Тоже «сводная», но в несколько раз большая, чем наша, эта женская бригада убирала сегодня кормовую капусту. В отличие от нас женщины работали под конвоем двух охранников. В бригаде рубщиц капусты добрую половину составляли блатнячки — элемент, в высшей степени скандальный и недисциплинированный. Вот и сейчас, вместо того чтобы в каких-нибудь две минуты построиться в пятерки и дать себя пересчитать, женщины начали бестолковую толчею и перебранку. Становились они в ряды вкривь и вкось, а в этих рядах у них получалось то по шесть человек, то по четыре. Промокли, устали и измучились рубщицы, конечно, не меньше нашего, но было очевидно, что некоторые из них нарочно дезорганизуют построение, чтобы задержаться на плацу. Догадаться, почему это делается, было нетрудно. Скорее всего, кто-нибудь из лихих уголовниц, пользуясь непроглядной темнотой, нырнули на поселке в какую-нибудь подворотню. У них там всегда были дела: получить подношение, условиться о свидании или еще что-нибудь. И пока нарушительница или нарушительницы не вернутся в строй, допускать его пересчета было нельзя.
Иззябшие за целый день стояния в поле и охрипшие от непрерывной ругани со своими подконвойницами вохровцы тоже, конечно, мечтали сейчас о теплой казарме и миске горячих щей. Отчаянно матерясь и замахиваясь на баб прикладами, они бегали вдоль колонны, стараясь навести в ней порядок. Когда бойцам показалось, что, хотя и весьма относительный, но какой-то порядок все-таки наведен, старший из конвойных открыл уже рот, чтобы скомандовать бригаде подойти к воротам вплотную. Но он успел только произнести слово «шагом…», как стоявшая невдалеке от него крайней в ряду худенькая женщина в телогрейке и шапке-ушанке вдруг вылетела из своего ряда шага на два в сторону. Испуганно оглядываясь на бойца, прямо-таки зарычавшего от злости, она побежала в хвост колонны, чтобы пристроиться в ее последнем ряду. Вернуться в свою шеренгу она не могла, так как в ней снова каким-то образом оказалось пять человек. Все объяснялось просто: на другой конец этой шеренги с разгона влетела вернувшаяся из самовольной отлучки девка. Конвоир этого не видел, и вся его злоба сосредоточилась на ни в чем не повинной женщине. Погнавшись за ней, он пнул ее прикладом в спину. Не ударил, а именно пнул, приставив окованное основание к телогрейке между худеньких лопаток.
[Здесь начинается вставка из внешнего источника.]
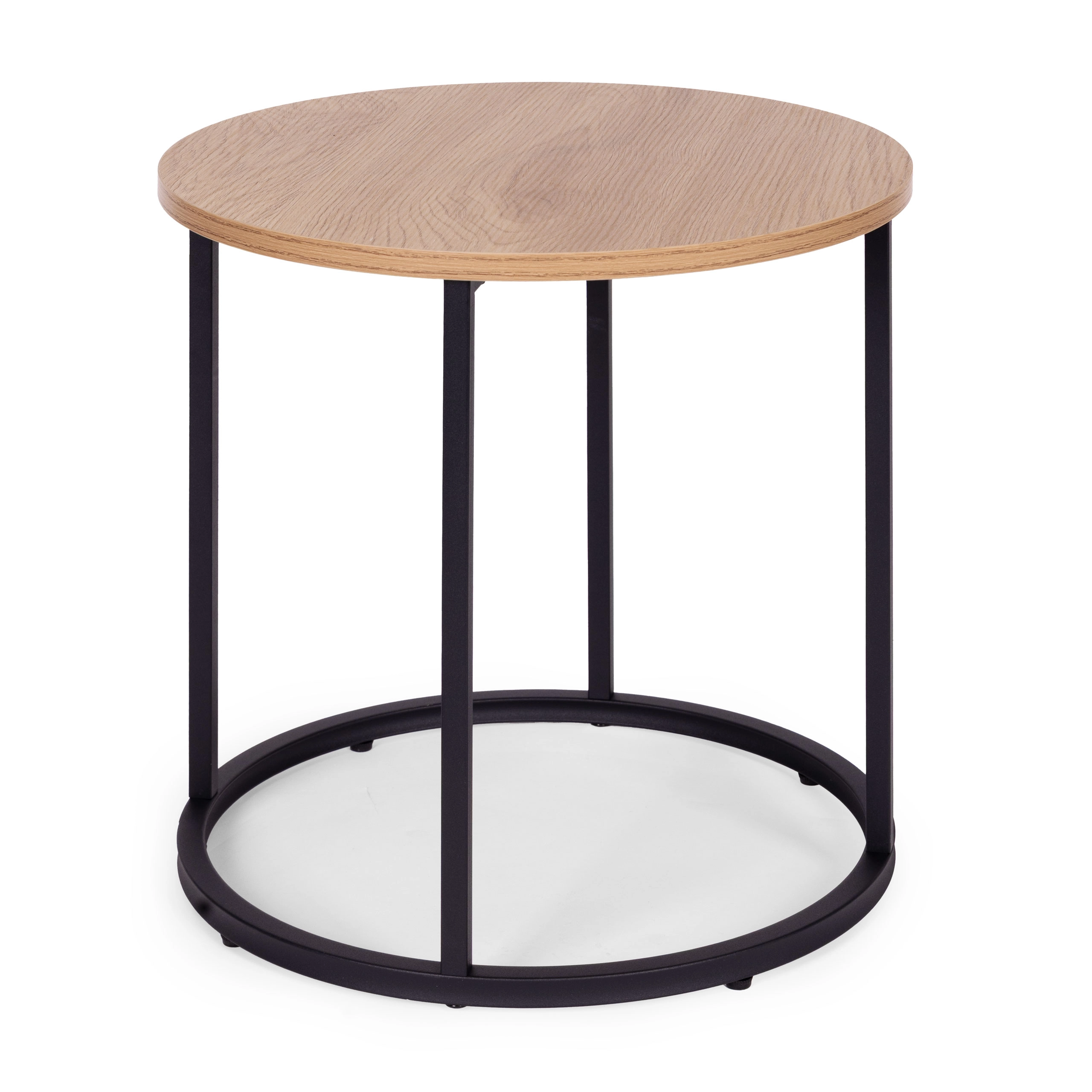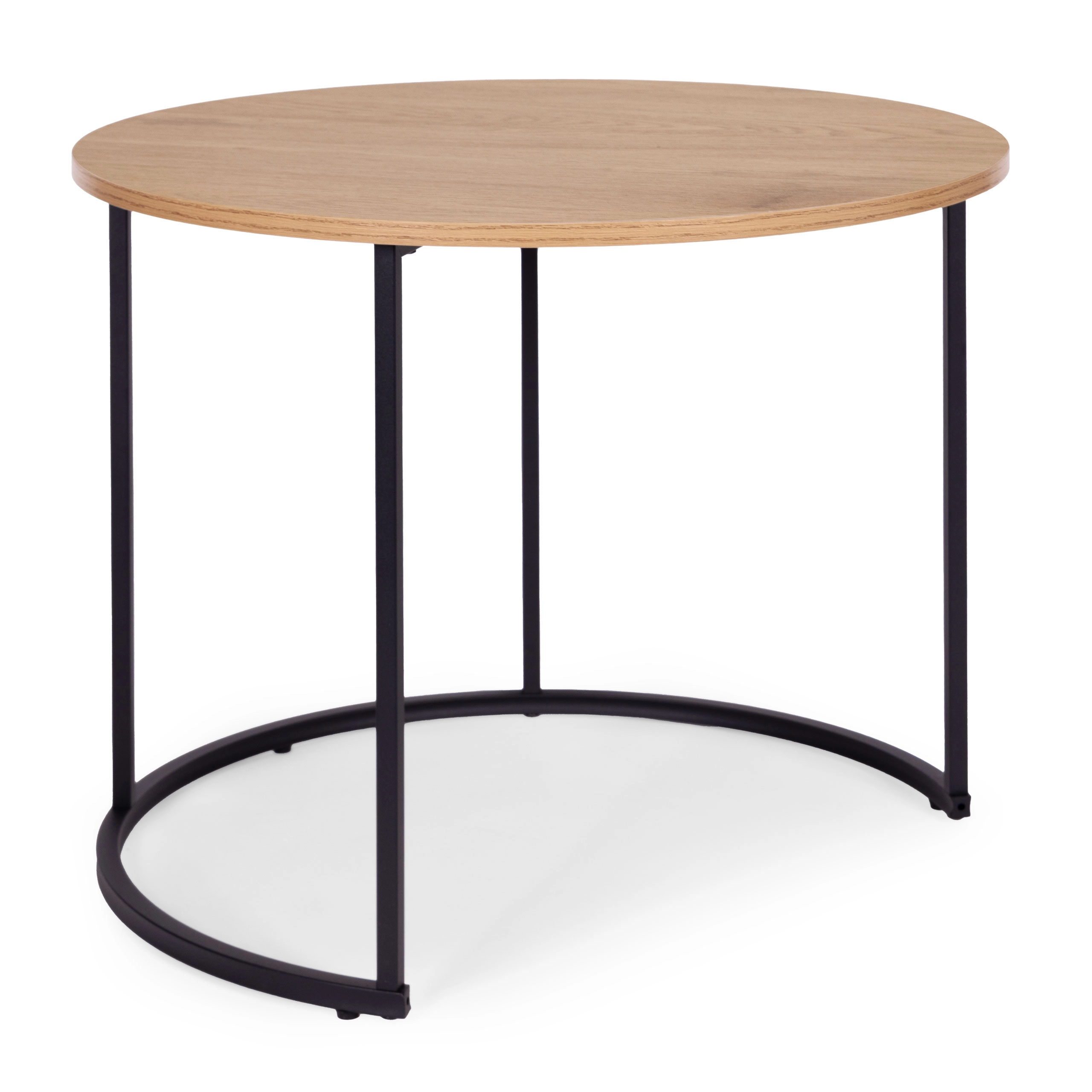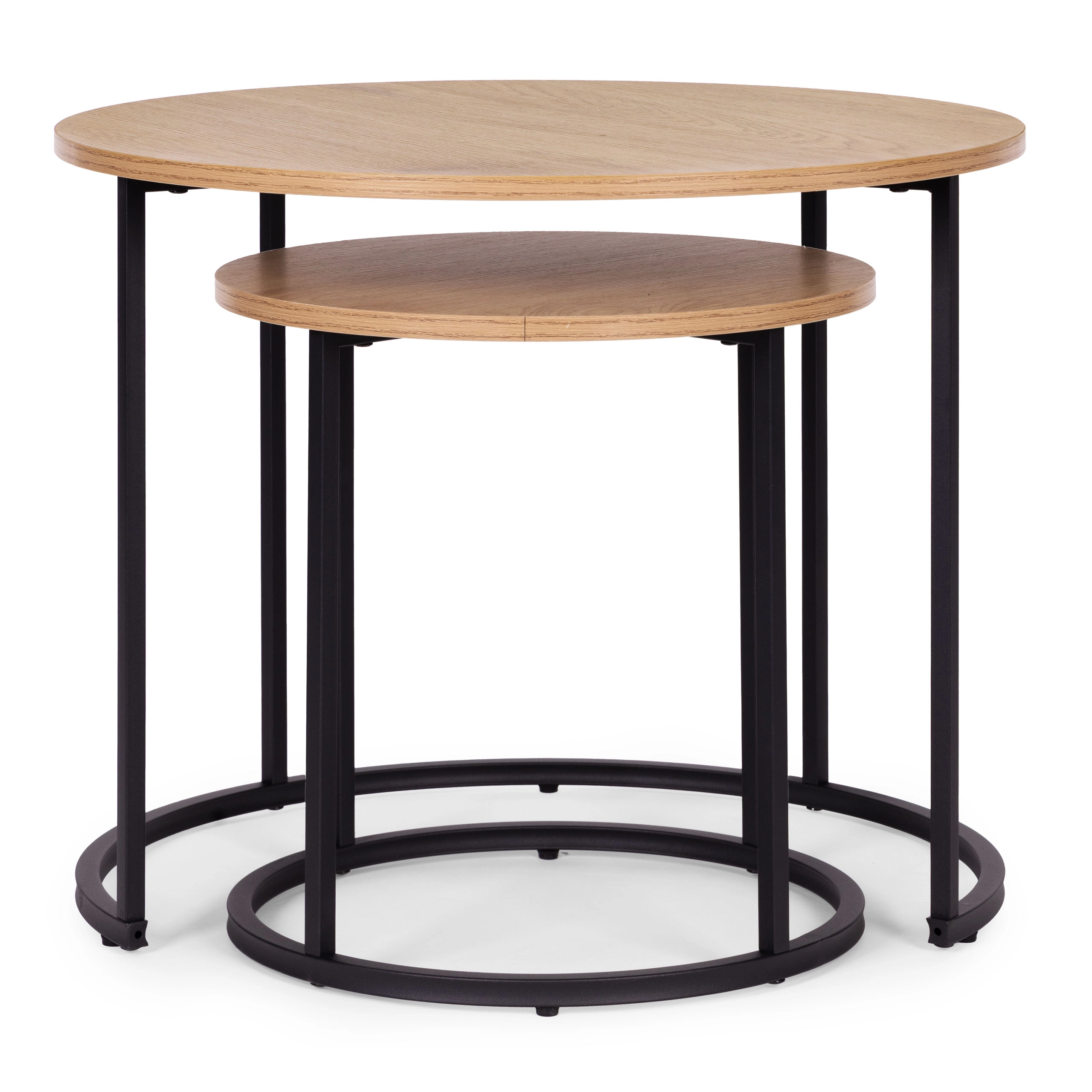 Élégant ensemble de deux tables rondes au style loft alliant chêne clair et métal noir pour un look moderne. Il offre un emboîtement pratique pour gagner de la place, une structure stable avec revêtement par poudre et des plateaux durables en MDF laminé avec des patins antidérapants pour une tenue sûre sur tout type de sol.
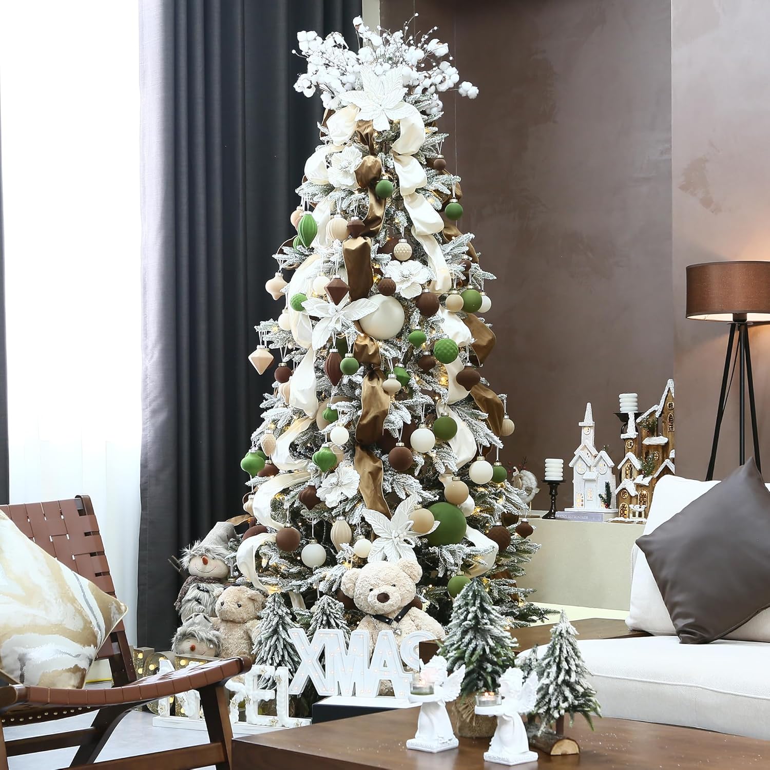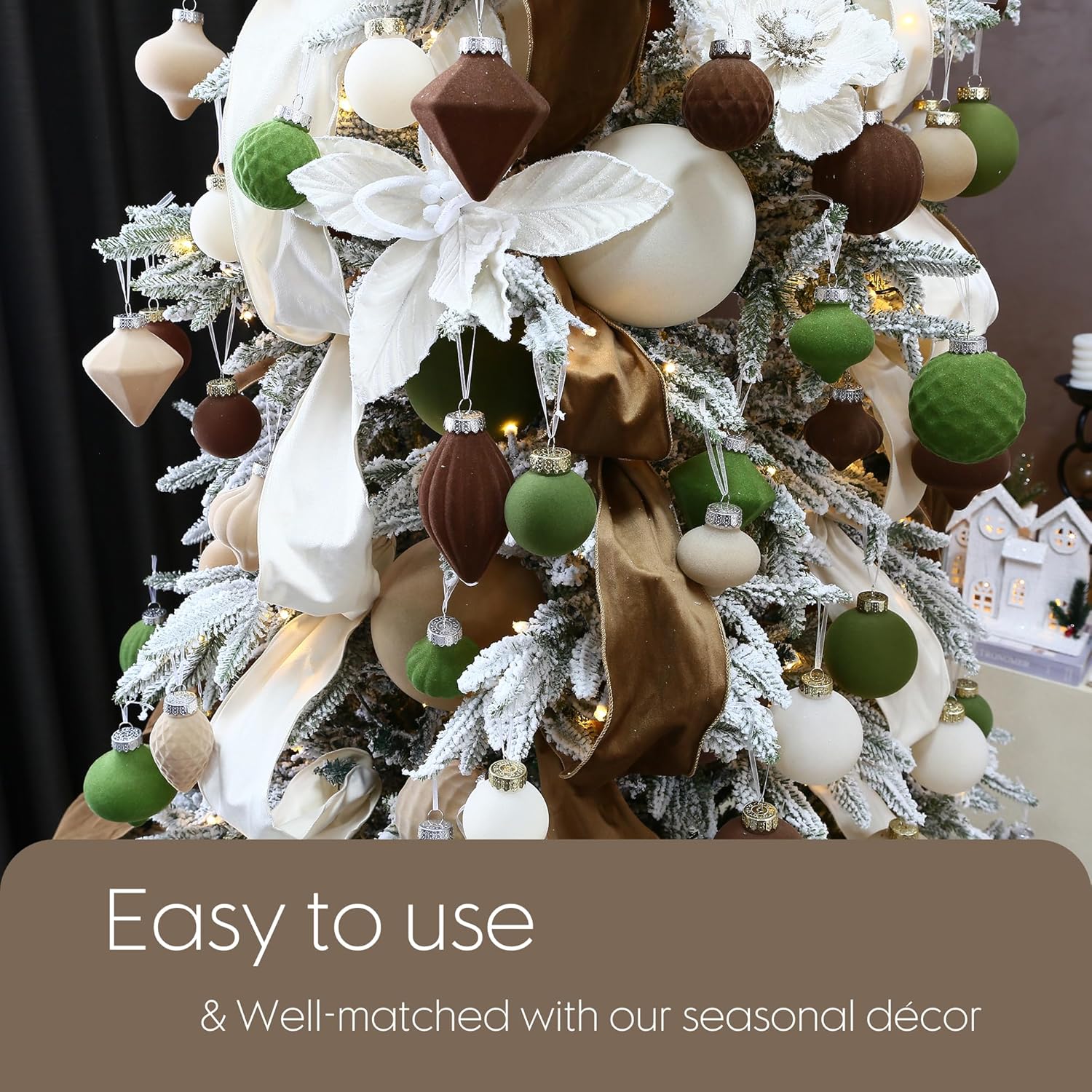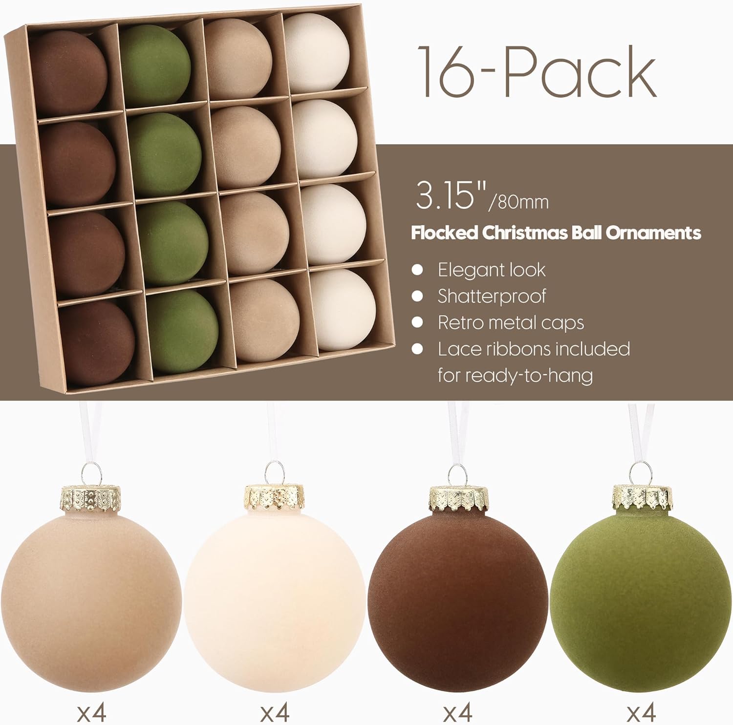 Sea Team 16-Pack Flocked Velvet Christmas Tree Ball Ornaments Set, Decorative Hanging Baubles, Shatterproof Plastic Decorations for Xmas Tree, Wreath, Garland, 80mm/3.15 Inches, Prairie Fall

Но парень был дюжий, а женщина тоненькая и хрупкая. От сильного толчка она отлетела шага на три вперед и, споткнувшись, упала. Ее незавязанная ушанка свалилась с головы, а руки, чуть не по локоть, ушли в грязь плаца. Когда, поднявшись на ноги, она машинально жестом отбросила назад рассыпавшиеся волосы, грязь с рукава измазала ей лицо, особенно правую его половину на уровне бровей. От этого, как на картине сюрреалиста, как-то особенно отчетливо выделилась левая половина лица с широко открытым, испуганным глазом, полуоткрытый рот и мягко очерченный, обиженно дрожащий подбородок. Некоторое время они стояли друг перед другом: маленькая женщина и высокий плечистый вохровец. Потом, круто повернувшись, боец пошел в сторону головной части колонны, а она, забыв видимо, что руки у нее в грязи, закрыла ими лицо и по-детски горько, навзрыд, заплакала.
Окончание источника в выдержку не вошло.